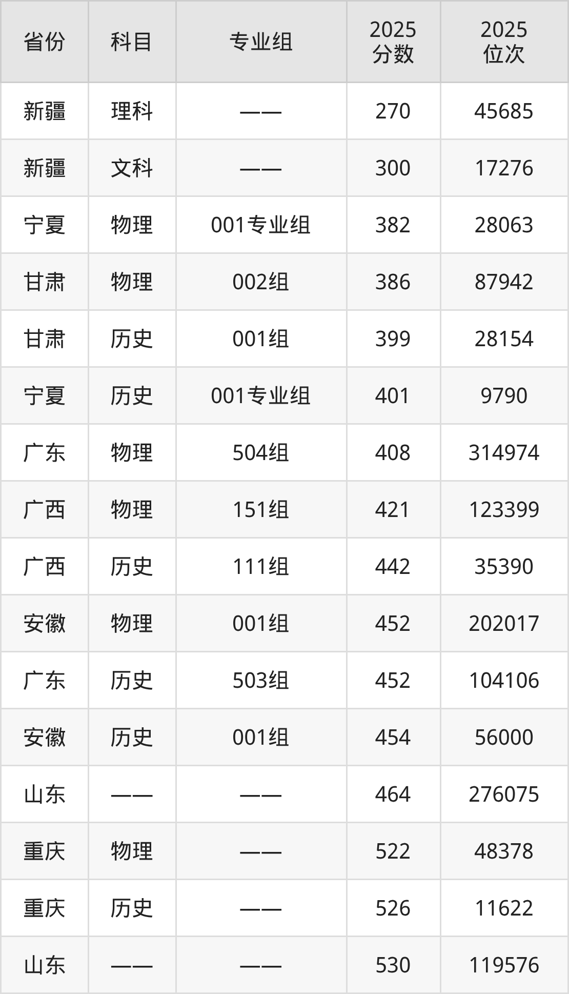 理科:2025年陕西警察学院录取最低分是270分(新疆),对应的位次排名是45685名。
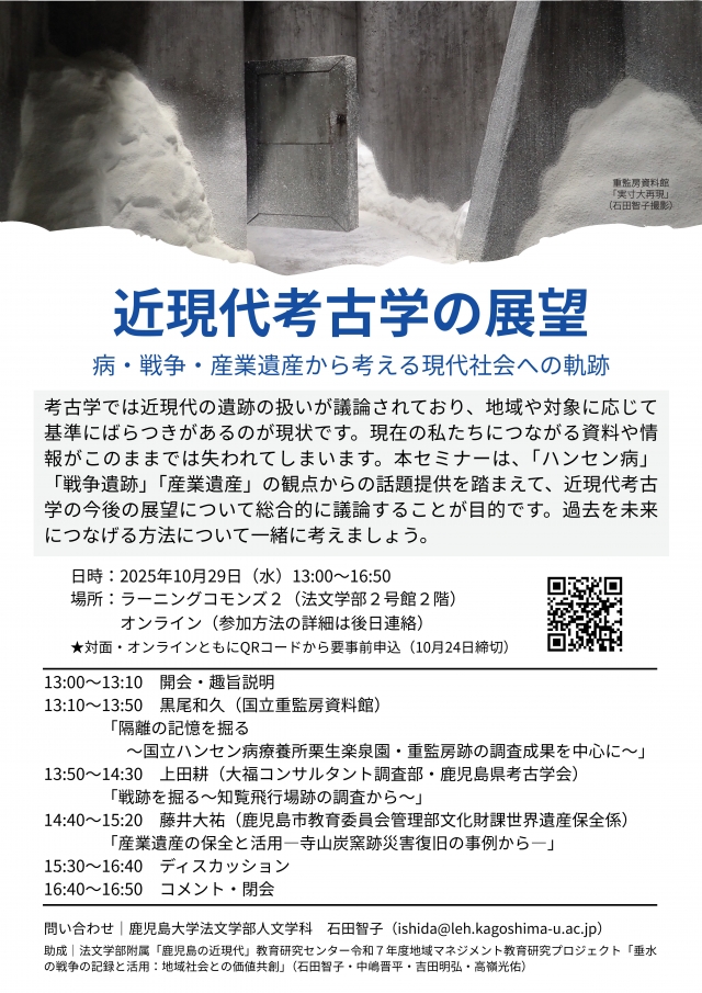 10月29日(金)に鹿児島大学で開催される、鹿児島大学セミナー「近現代考古学の展望:病・戦争・産業遺産から考える現代社会への軌跡」において、当館からも黒尾和久部長が参加をし、「重監房跡の発掘調査」の成果を発表します。
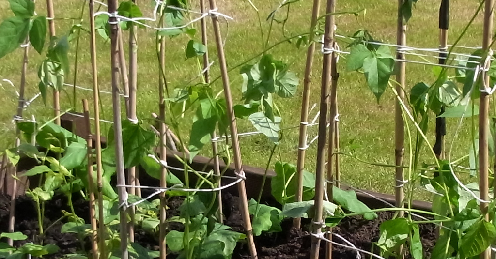 I got through a lot of bamboo and string later, making some structure for the Spagna Bianco bean plants to support themselves against. These are the reserve plants I grew when the originals were ravaged by some soil-borne pest a while ago.
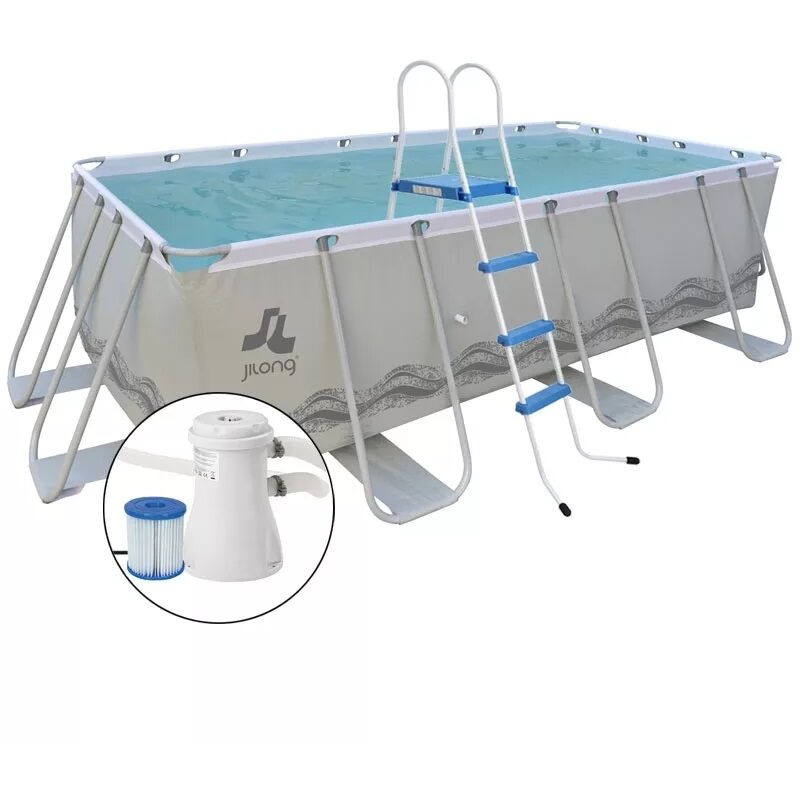 Piscina fuori terra rettangolare, per un relax assicurato Se sei alla ricerca di una piscina fuori terra resistente e di qualtà, sei nel posto giusto! Concediti adesso il tuo momento di relax personale, anche con il clima più torrido, con la piscina da esterno Jilong , una piscina fuori terra ampia e robusta. Infatti, con la sua struttura in acciaio antiruggine e liner in PVC laminato a 3 strati, la piscina da giardino ti regalerà un'estate sicura e senza pensieri. Con l'acquisto della piscina rettangolare 400 x 200 x 100 cm riceverai in omaggio una pompa filtro da 2006Lt-h, 2 cartucce, una scala di sicurezza, Dvd e kit per riparazioni. SPECIFICHE TECNICHE Piscina Fuori Terra rettangolare Dimensioni: 400 x 200 x 100 cm Struttura in acciaio antiruggine Liner in PVC laminato a 3 strati Accessori inclusi: pompa filtro da 2006Lt-h, 2 cartucce, scala di sicurezza, DVD e kit per riparazioni Colore: Grigio Capacità dell'acqua 90%: 1854GAL (7020L) Tempo di montaggio circa 45 minuti...Per saperne di più

**The problem**
Reproduce the listing above from the line that holds "10月29日(金)に鹿児島大" through the line that holds "I got through", both included, with the pictures left out.

**Task output**
 10月29日(金)に鹿児島大学で開催される、鹿児島大学セミナー「近現代考古学の展望:病・戦争・産業遺産から考える現代社会への軌跡」において、当館からも黒尾和久部長が参加をし、「重監房跡の発掘調査」の成果を発表します。
 I got through a lot of bamboo and string later, making some structure for the Spagna Bianco bean plants to support themselves against. These are the reserve plants I grew when the originals were ravaged by some soil-borne pest a while ago.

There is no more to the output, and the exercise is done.